Major Water Resources Management Challenges
- Inadequate resources Inadequate water resources monitoring infrastructure
- Vandalism of water resources monitoring infrastructure
- Over abstraction of ground water in Nairobi and Mombasa
- Catchment degradation
- Encroachment and cultivation of wetlands
- Pollution mainly from major cities of Nairobi, Mombasa, Thika, Kiambu, Machakos and Athi River constituting major sources of pollution due to raw/partially treated domestic waste, industrial discharges and poor solid waste disposal.
- Overgrazing causing accelerated erosion and subsequently siltation of water bodies.
- Acute shortage of water resources at different times of the year resulting in conflicts of water sharing.
WRA’s efforts in Curbing Water Conservation Concerns in Athi Catchment Area
- WRA has developed an electronic permit database (PDB) for Management of water permits, thus making access and payments more efficient.
- ABA has carried out about 4 water abstraction surveys and developed 2 Water Allocation plans by June 2016 to determine the amount of water that has been committed through abstraction. This assists to determing the volume of water available versus the demand and hence plan to allocate the resources for various uses.

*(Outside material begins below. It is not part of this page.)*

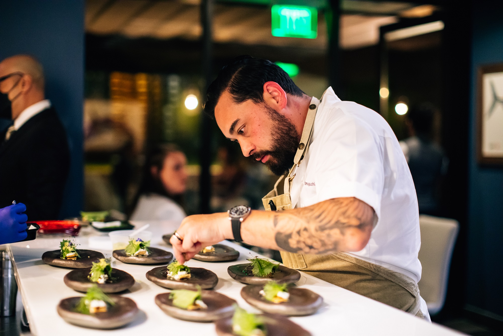 メインダイニング「無限」は、その名が示すとおり、選び抜かれた食材とお飲み物のマリアージュにより生み出される、インスピレーション溢れ無限に広がる食体験をお届けしたい、という想いから名付けられました。フレンチと和食のフュージョン料理をメインコンセプトとし、ハワイ州のトップシェフの一人であるジェイソン・ヤマグチが生み出す極上の一皿には、ハワイの提携農家で採れた地元の作物や、日本の和牛を始めとした世界中から厳選された最高品質の食材が用いられています。当レストランでのみお楽しみいただくことのできる希少性の高いワインとともに心ゆくまでご堪能ください。

- WRA Is in the process of Gazetting the Kikuyu springs as a Groundwater Conservation Area(GCA) to ensure the ground water recharge for the Nairobi aquifer suite is not polluted and depleted (currently drilling is being done at a depth of over 200m)
- WRA launched a special program dubbed “Athi River Restoration Program” The Goal of the Program is to protect water resources from adverse impacts in collaboration with stakeholders for sustainable development. The Program will be implemented over a period of 5 years.

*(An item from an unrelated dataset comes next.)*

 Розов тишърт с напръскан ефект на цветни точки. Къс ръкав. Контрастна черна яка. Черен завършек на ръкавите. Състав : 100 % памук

- ABA has also carried out several activities aimed towards increasing the water storage through the installation of roof water harvesting tanks, spring protection, water pans and sand dams as a result of working with the WRUAs to address issues of water scarcity.
- Empowered the WRUAs at the local level to carry out water conservation and protection activities through implementation of SCMP activities such as protection 129 springs, conservation of riparian areas, construction of terraces and gabions to control soil erosion, planting indigenious trees for conservation purposes.